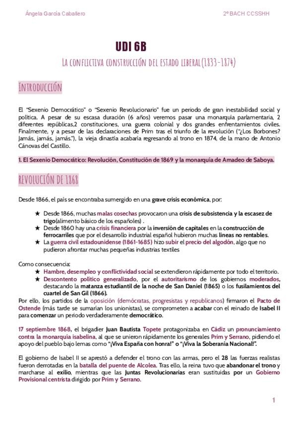 Bloque 6-La conflictiva construcción del Estado Liberal(1833-1874) Para 2º BACH, con ejemplos.
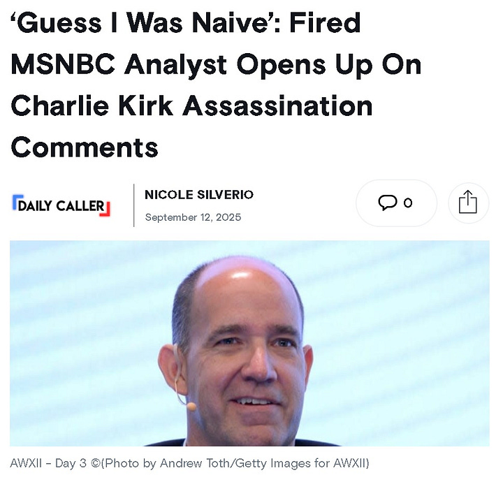 But I think what strikes me most is that the reaction of everyone to Kirk's death seems like continuing proof that we as a people just can't be normal about anything. The chronic online-ness of American politics and culture incentivize the most extreme reactions and then amplifying those reactions to stoke the emotional flames of others. In saner times, a public profile murder on this level might force us to step back and lower the temperature a little. But of course the immediate American reaction to this, if we're all being honest, is most people just sort of hoping the killer wasn't on their side of the aisle.
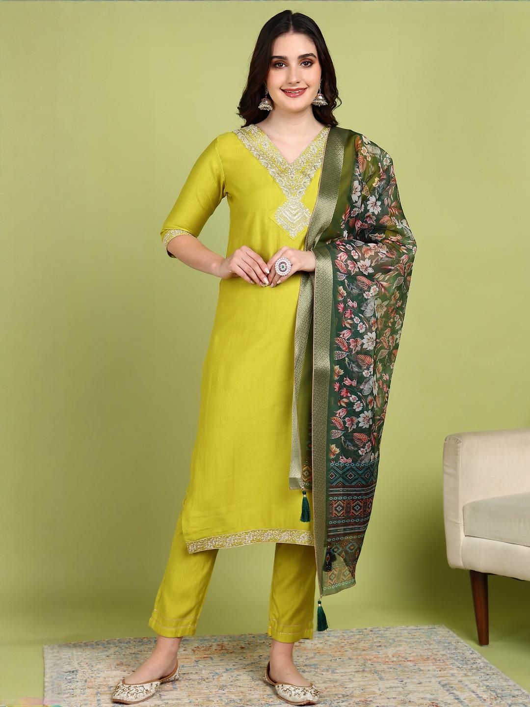 NEW ETHNIC 4 YOU Women Silk Blend Embroidered Kurta Sets
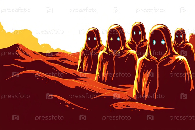 Мистические фигуры с капюшоном, выполняющие ритуал со свечами в сюрреалистическом пустынном пейзаже под сияющим инопланетным небом ночью. g
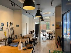 受付はカフェ併設の店内で!トイレ、シャワー、更衣室がございます。

◆ ◆ ◆ ◆ ◆

Goal of the exercise:
Write out again, word for word, only the lines from the one with "But I think" through the last line of the material, and omit each picture.

Output for this task:
 But I think what strikes me most is that the reaction of everyone to Kirk's death seems like continuing proof that we as a people just can't be normal about anything. The chronic online-ness of American politics and culture incentivize the most extreme reactions and then amplifying those reactions to stoke the emotional flames of others. In saner times, a public profile murder on this level might force us to step back and lower the temperature a little. But of course the immediate American reaction to this, if we're all being honest, is most people just sort of hoping the killer wasn't on their side of the aisle.
 NEW ETHNIC 4 YOU Women Silk Blend Embroidered Kurta Sets
 Мистические фигуры с капюшоном, выполняющие ритуал со свечами в сюрреалистическом пустынном пейзаже под сияющим инопланетным небом ночью. g
 受付はカフェ併設の店内で!トイレ、シャワー、更衣室がございます。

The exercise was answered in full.